That sunny day at Spanish Banks before we found out about the cancer was joyous, sublime and our step across the threshold of before and after. We had come back from our sojourn in Greece earlier in April. Peter has his fingers crossed in anticipation of the rocky road ahead. His sons, who just were a handful of years younger than me and my father who was just one year older than him.

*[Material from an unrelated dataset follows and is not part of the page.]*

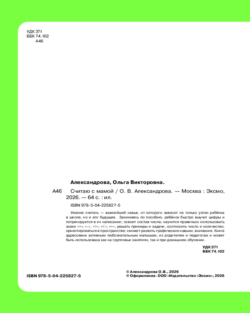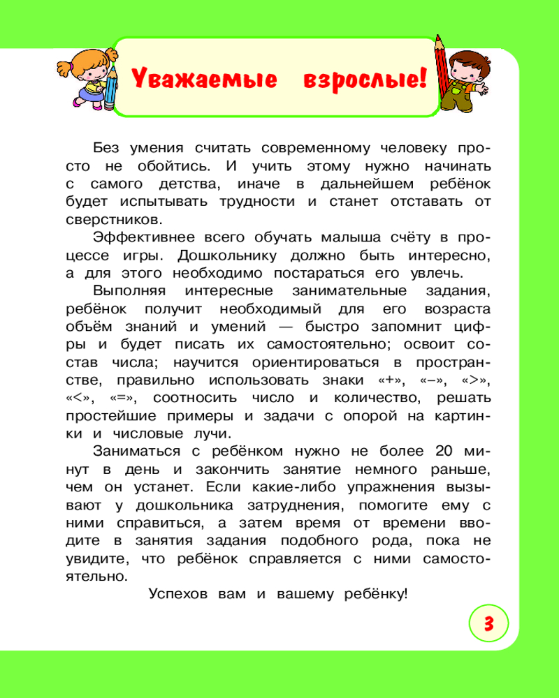 Серия: Учимся с мамой Это развивающее пособие поможет мальчикам и девочкам легко освоить базовые математические навыки: быстро запомнить цифры и научиться писать их самостоятельно; освоить состав числа и навыки ориентации в пространстве, правильно использовать знаки «+„, “-„, “>», «<», «=», соотносить число и количество, решать простейшие примеры и задачи; а также развить мелкую моторику, логику, внимание. Вместе с этим пособием каждое задание превратит счет в интересное приключение, и ребенок не заметит, как пролетит время. Книга-развивашка, предназначенная для совместных занятий мамы и ребенка, станет надежным помощником в процессе подготовки к школе. Простые задания легко выполнять дома, на прогулке или в дороге. Обучение, проходящее в виде веселой увлекательной игры, поможет ребенку не только развить ключевые навыки, но и почувствовать уверенность в своих силах. |

Everyone had had their conniption fits about this union - but here we are and we don’t care. I am wearing the silver crucifix earrings with a female in the form of a cross - an ancient depiction of the sacred goddess - over 25,000 years old. His gift of many. I am also wearing the first piece of jewelry he made for me - an ivory disc with woods from all over the world: north, south, east and west.
Peter is wearing the engagement ring he had made for us in Paros. This, his most cherished island where he learned to carve marble; living like a monk with an old Greek named Yiorgo who kept a bachelor’s shack beside the marble quarry. It’s silver with a parian marble he picked from the beach. I still have both.
Peter taught me the world, by introducing me to Rhodes and I’ve been marinating in the Mediterranean ever since. The picture is a time released perfect photograph from his Pentax. Part of me is still there.
But that part of me that has ventured into my mid-60s - the age he was when he died - fills me with a sense of wonder about life and love, people we find who find us. I am convinced this is a truth for the heart - the part of my own heart - willing to be found again.